Active Learning Sampling Strategies

Hardik Dave
13 min readMay 29, 2020

In this article, we will first understand the core concepts behind Active Learning and then we will look into sampling strategies used in Active Learning.

Photo by Franki Chamaki on Unsplash

What is Active Learning?

Active Learning is a technique in machine learning through which a learning algorithm specifically looks for the data which is most informative to the model instead being trained on whole dataset.

In a fully supervised learning approach, we need to have a lot of labeled data for the model to train on. Supervised learning methods require a large amount of labeled data for training. But what if we have a large pool of unlabeled data only?
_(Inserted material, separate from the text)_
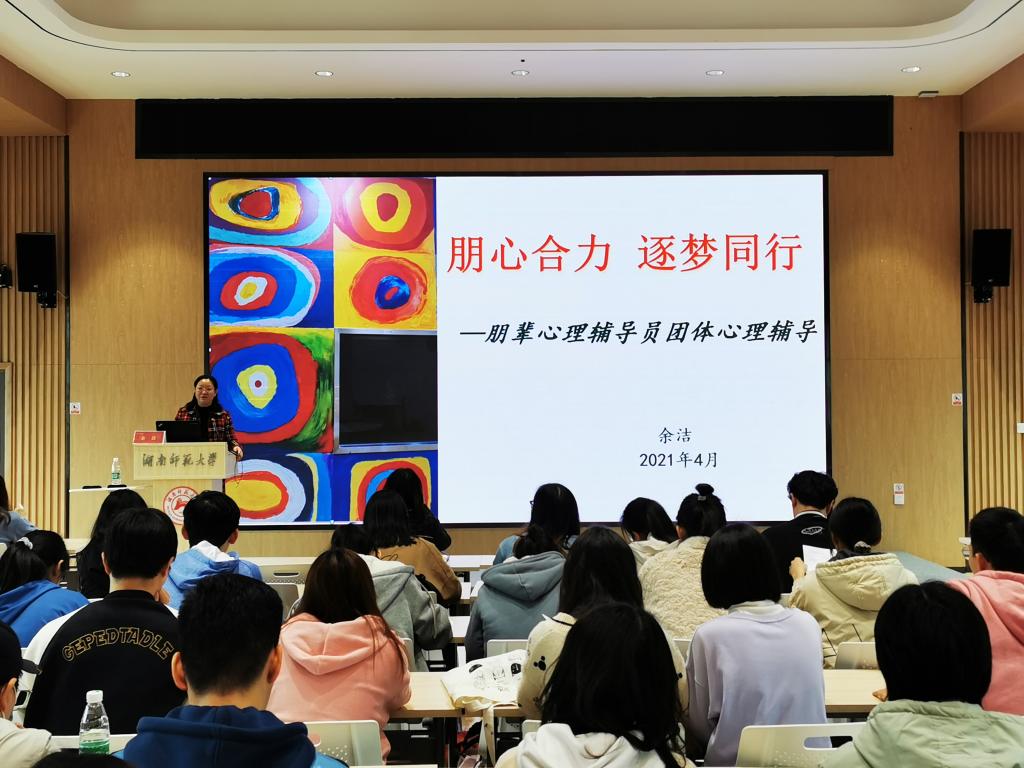 (通讯员 王政 陈可颐 夏秦萍)为迎接5•25大学生心理文化节,营造良好的心理健康教育氛围,促进同学们心理健康发展,4月13日中午,澳门pg官网于腾龙楼613多功能厅举办“5•25大学生心理文化节”开幕式暨朋辈心理辅导员技能培训,我校心理咨询中心主任余洁带来了一场题为“朋心合力,逐梦同行——朋辈心理辅导员团体心理辅导”的主题培训,2020级辅导员王耀光参加活动。此次活动由澳门pg官网心理专干、2019级辅导员姚雯主持。
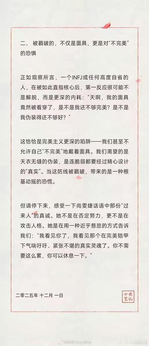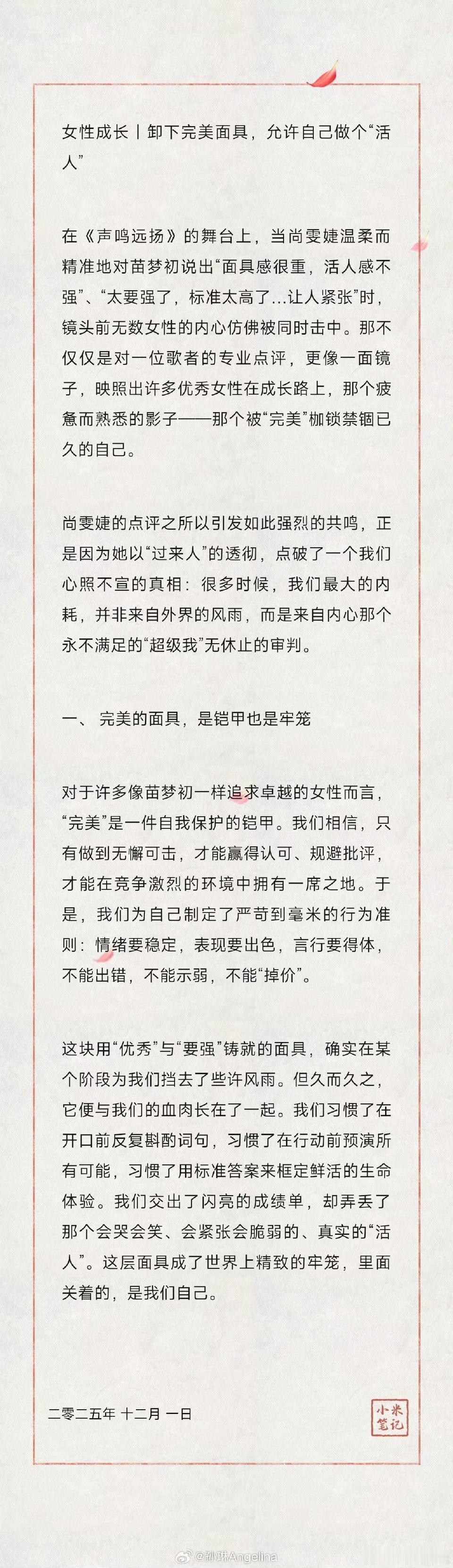 内耗人多听听尚雯婕这段话尚雯婕懂苗梦初的紧绷,也说自己曾被焦虑困住~ 内耗的人别怕不完美,卸下面具真实的样子才最可爱!声鸣远扬

So to apply supervised machine learning algorithms on this large pool of unlabeled dataset, we need to label them all. In that case, we need to have a human expert who can label every data instance. But this process would be too expensive and time-consuming.

Here, Active Learning comes to rescue. The basic idea is that we will label only a few data samples for training and still we will be able to achieve high accuracy. Active learning says that we will select a few specific unlabeled data samples for labeling by a human expert. And then we will train our model on those few data samples. Active Learning guarantees that even if we have chosen only a few data samples instead of the whole dataset for labeling and training, we can still achieve similar or higher accuracy/performance than a model trained on the whole labeled dataset.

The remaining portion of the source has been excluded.